Son 15 gündür Hasan Cemal ve Cengiz Çandar'a göndermeler yapan Yenişafak gazetesi yazarı Salih Tuna, kamuoyuyla ilginç bir bilgi paylaştı.
Yazısında önce Hasan Cemal'in mutlaka fikirlerini dile getirebileceği bir köşesi olması gerektiğini ifade eden Salih Tuna, şöyle devam etti:
"Şu sıralar en çok duymak istediğin haber nedir diye sorsalar, hiç düşünmeden okuduğunuz yazının başlığını söylerdim. Gerçekten öyle.
'Hasan abi' sürgün krallar gibi ellerini kavuşturduğu o meşhur fotoğrafıyla Yeni Şafak'ta başköşeye kurulsa keşke.
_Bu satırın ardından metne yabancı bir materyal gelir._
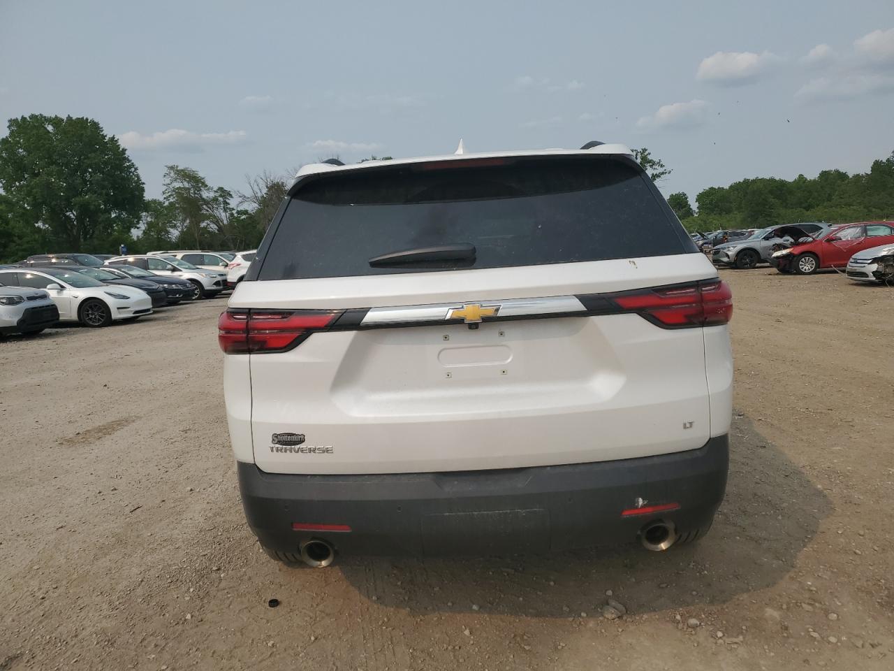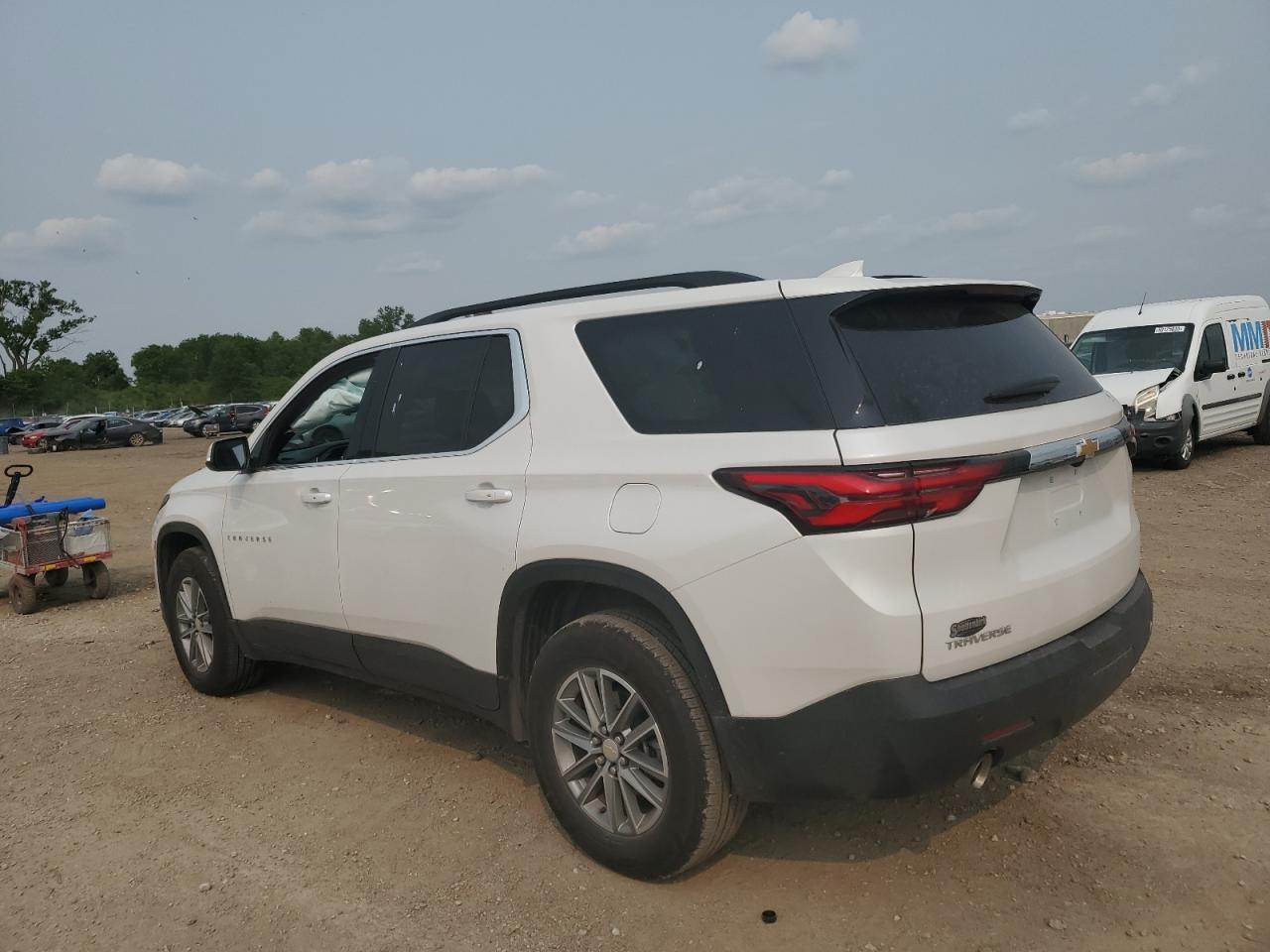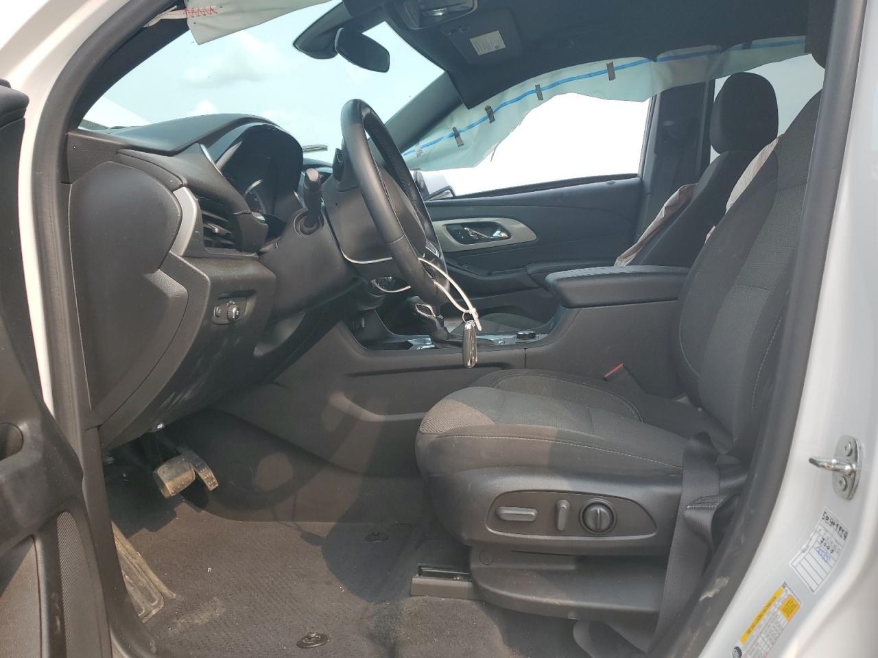 FairWhite 2023 CHEVROLET TRAVERSE L with side damage, Run & Drive Verified status. The vehicle's exterior shows significant damage to the side, but the interior appears to be in good condition. The vehicle is drivable. The wheels and lights appear to be intact. The car requires considerable repair. This SUV is in fair overall condition due to the body damage. The starting code is Run & Drive Verified.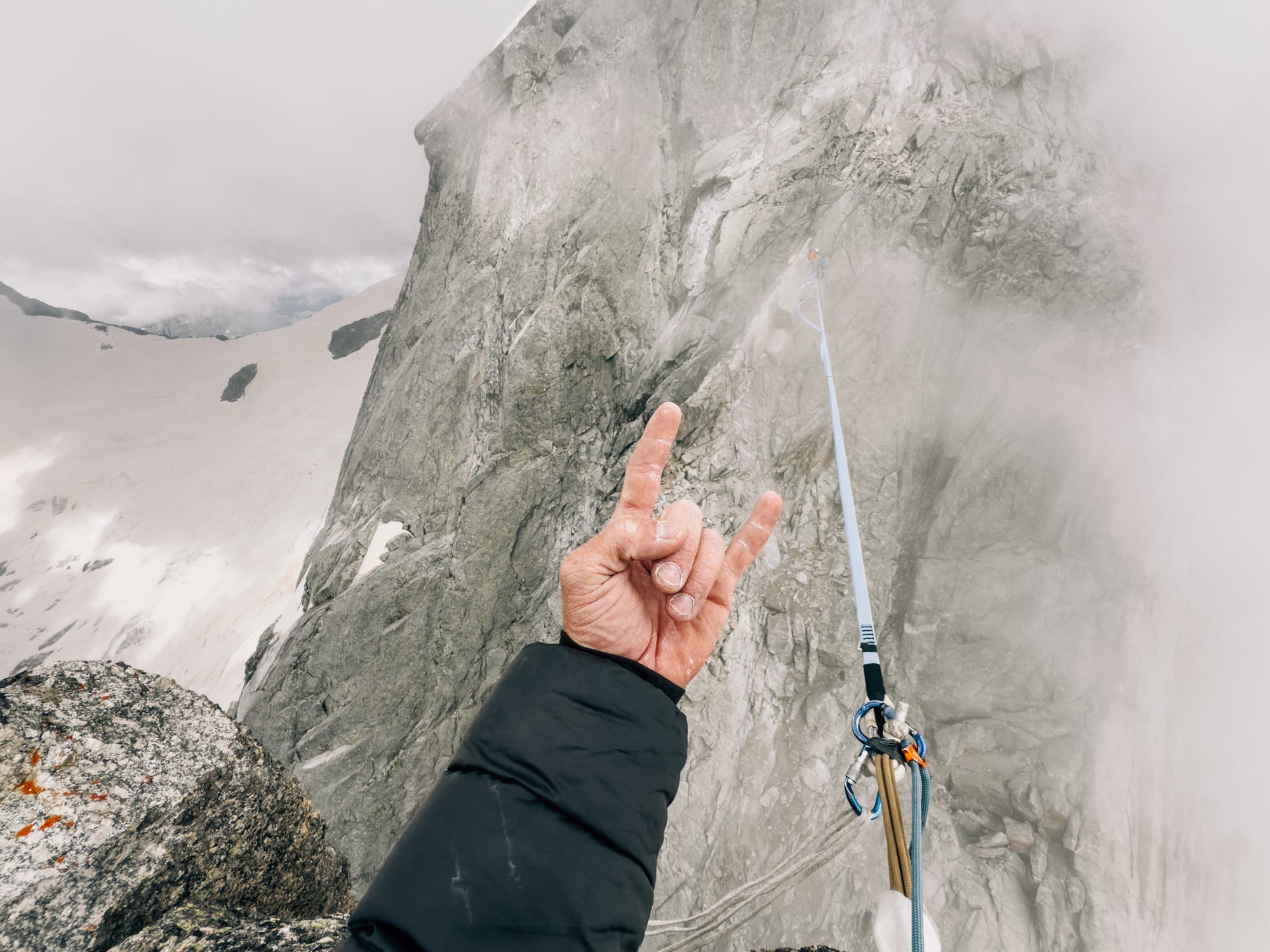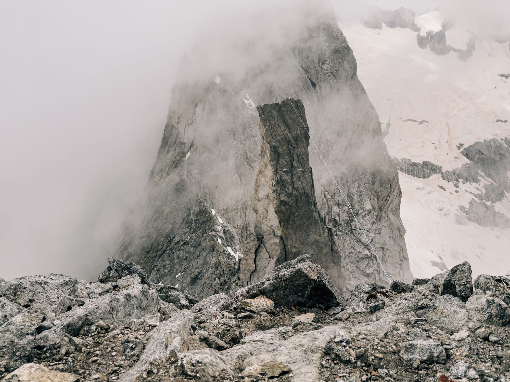 Odpoledne vrtáme jednu stranu kotvení a natahujeme. Pak s Lukym lezeme hezké dvě délky na obelisk a do toho se pomalu začnou honit mraky a zvedat vítr. Když je lajna natažená, tak už jsme v mraku kompletně a momenty hezkého počasí se začínají zkracovat, až úplně mizí. Asi dvě hodiny trávíme čekáním na milosrdné okénko v mracích, které by umožnilo lajnu přejít. V mlze mrzneme a kontrolujeme počasí, zda-li z toho nebude bouřka.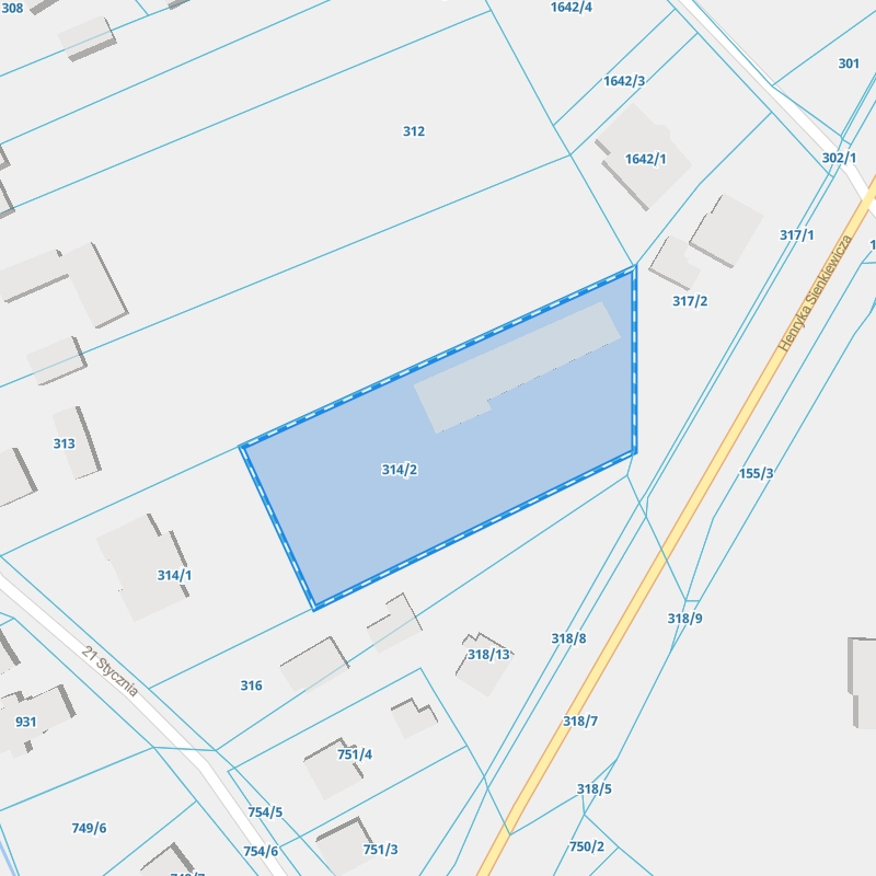 Zobacz przykładowe dane dotyczące Ewidencji Gruntów i Budynków. Działka ewidencyjna urzędu znajduje się przy ul. Grunwaldzka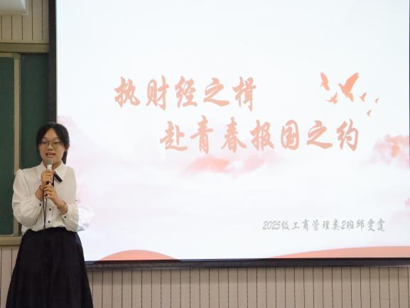 他们用真挚的语言讲述自己对国家、对公司、对青春的理解与期待。演讲中既有对“财经报国”的深刻思考,也有对“我与中财大”的温情诉说,更不乏对“青春奋斗”的豪情宣言。他们的青春之声汇成一幅幅动人的画卷,勾勒出新一代商院学子理想的模样。
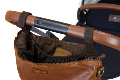Elegante und praktische Babytasche mit Trolley-Funktion aus hochwertigem braunem Leder
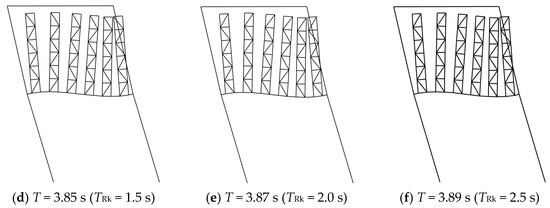 It is found in Table 4 that, when TRk > 1.0 s, the of the modified model with no-mass racks is not significantly affected by the top connecting bars. The modal shapes corresponding to different are quite similar, as shown in Figure 23. However, when TRk < 1.0 s, the strengthening effect of the connecting bars on the frame beams cannot be ignored.

Olmayacak şey de değil hani.
Bu gazetede sevgili Çandar'dan Koray Düzgören'e Mehmet Barlas'tan Nazlı Ilıcak'a kadar birçok kalem erbabı yazmıştı."
Salih Tuna asıl bombayı ise yazısının sonundaki notta patlattı: Bu yazıyı yazdıktan sonra Genel Yayın Yönetmenimiz İbrahim Karagül, 'Kimden öğrendin?..' diye sordu... Yemin ederim bilmiyordum.
Vaktiyle bu köşede 'Mehmet Altan Yeni Şafak'ta'(09.02.2012) başlıklı bir yazı yazmıştım ya, bu yazının da aynen onun gibi bir dilek mesabesinde kalacağını sanıyordum. Meğer Yeni Şafak, Hasan Cemal'e teklif götürmüş... Sevindim, çok sevindim. Hadi bakalım.